Extended Data Fig. 5 |. Over-segmentation in Dataset 2 (CRC, CyCIF) and Cleaning of Dataset 6 (large intestine, CODEX) with CyLinter.

Extended Data Fig. 5 |

a, Gating of cells in the CRC image (Dataset 2) image according to nuclear segmentation area shows that this image contains several over-segmented nuclei (i.e., nuclei split into multiple segmentation objects). b, Fraction of cells in Dataset 6 (large intestine, CODEX, specimen 1) redacted by each QC filter in the CyLinter pipeline. Dropped ROIs = cells dropped by selectROIs module), Dim/over-saturated nuclei = cells dropped by dnaIntensity module), Segmentation errors = cells dropped by areaFilter module, Unstable cells = cells dropped by cycleCorrelation module, Channel outliers = cells dropped by pruneOutliers module, Artefact-free = cells remaining after QC. c, UMAP embedding of post-QC CODEX clusters showing ~3.1x104 cells colored by HDBSCAN cluster. Black scatter points represent unclustered cells (10.1% of cells). d, Silhouette scores for post-QC CODEX clusters shown in panel (c). e, Post-QC CODEX clustered heatmap showing mean signal intensities of clustering cells normalized across clusters (row-wise).

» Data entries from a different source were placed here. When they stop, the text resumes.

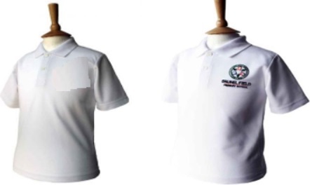 White polo shirt (with or without school logo). Shirt must have a collar e.g. no t-shirts We sell iron on logos at the school office. |
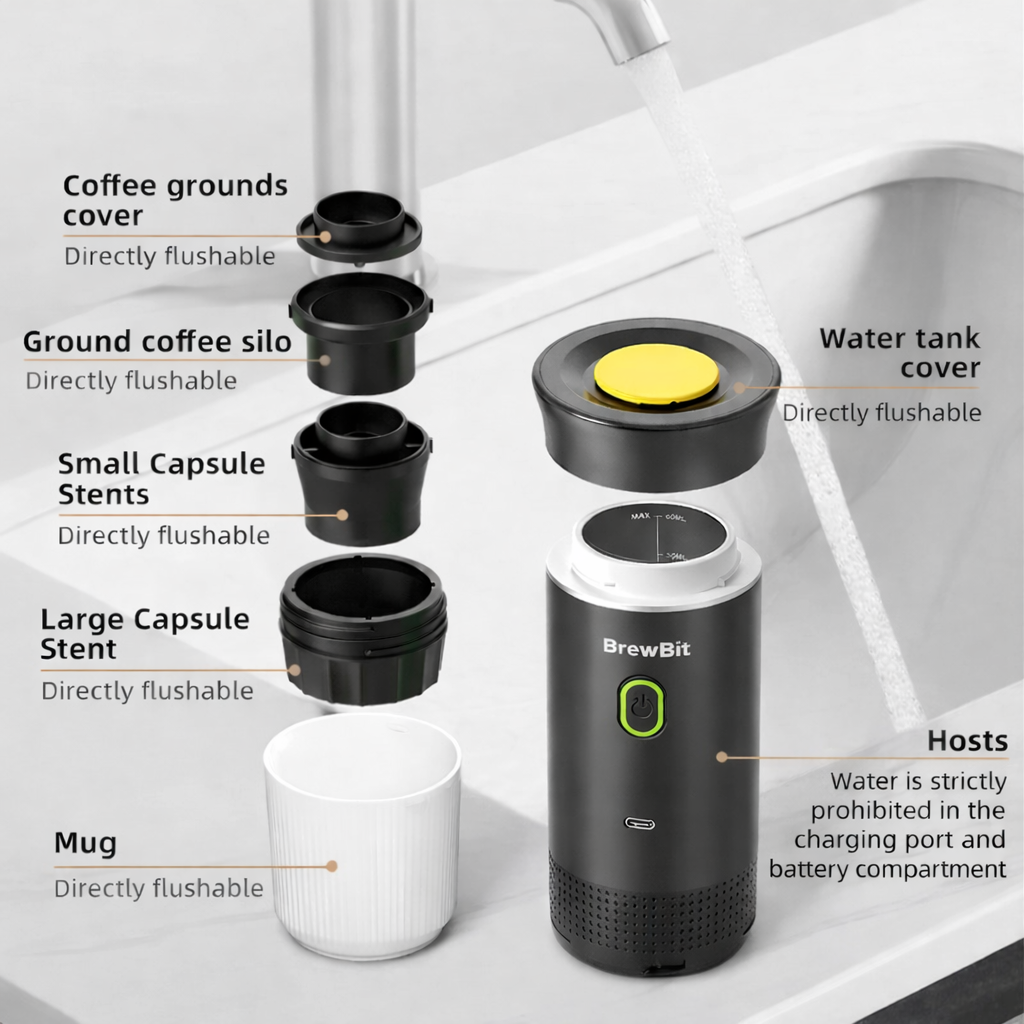 BrewBit Portable Espresso Machine is the only choice for coffee lovers who want quality and convenience without the ongoing cost of takeaway coffee. Not only does it save money in the long run, but it also gives you full control over your brew-anytime, anywhere. BrewBit is compatible with ground coffee as well as widely recognized small and large capsules. Including Nespresso Original, Nescafé, L’OR, Starbucks, Tuatahi Coffee and many more. Whether you’re at work, traveling, or outdoors, you can enjoy fresh, barista-style coffee without waiting in line or compromising on taste.
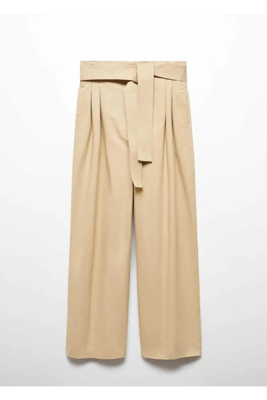 **Belted Paperbag Pants**Elevate your style with these stunning paperbag pants. Crafted from a blend of 98% cotton and 2% elastane, they offer both comfort and sophistication.The high waist and zip-and-button closure ensure a perfect fit. The tie-up belt allows for easy adjustment.The straight-leg design and decorative stitching details add a touch of sophistication to your look. Two side pockets and two back patch pockets keep all your essentials organized.**Features:*** 98% cotton, 2% elastane* High waist* Paperbag waist* Two side pockets* Two back patch pockets* Zip-and-button closure* Tie-up belt* Decorative stitching* Inseam: 77.9 cm* Side seam length: 114.9 cm**Care Instructions:*** Machine wash cold (max 30°C)* Do not bleach* Iron at low heat (max 110°C)* Dry clean with perchlorethylene* Do not tumble dry

Five (5) meta-clusters defined by the clustered heatmap dendrogram at the left are highlighted. f-h, Top three most highly expressed markers (1: green, 2: red, 3: blue) for clusters 0 (lymphatic endothelial cells, f), 15 (mast cells, g), and 17 (M2 macrophages, h). A single white pixel at the center of each image highlights the reference cell. Nuclear segmentation outlines (translucent outlines) and Hoechst (gray) shown for reference.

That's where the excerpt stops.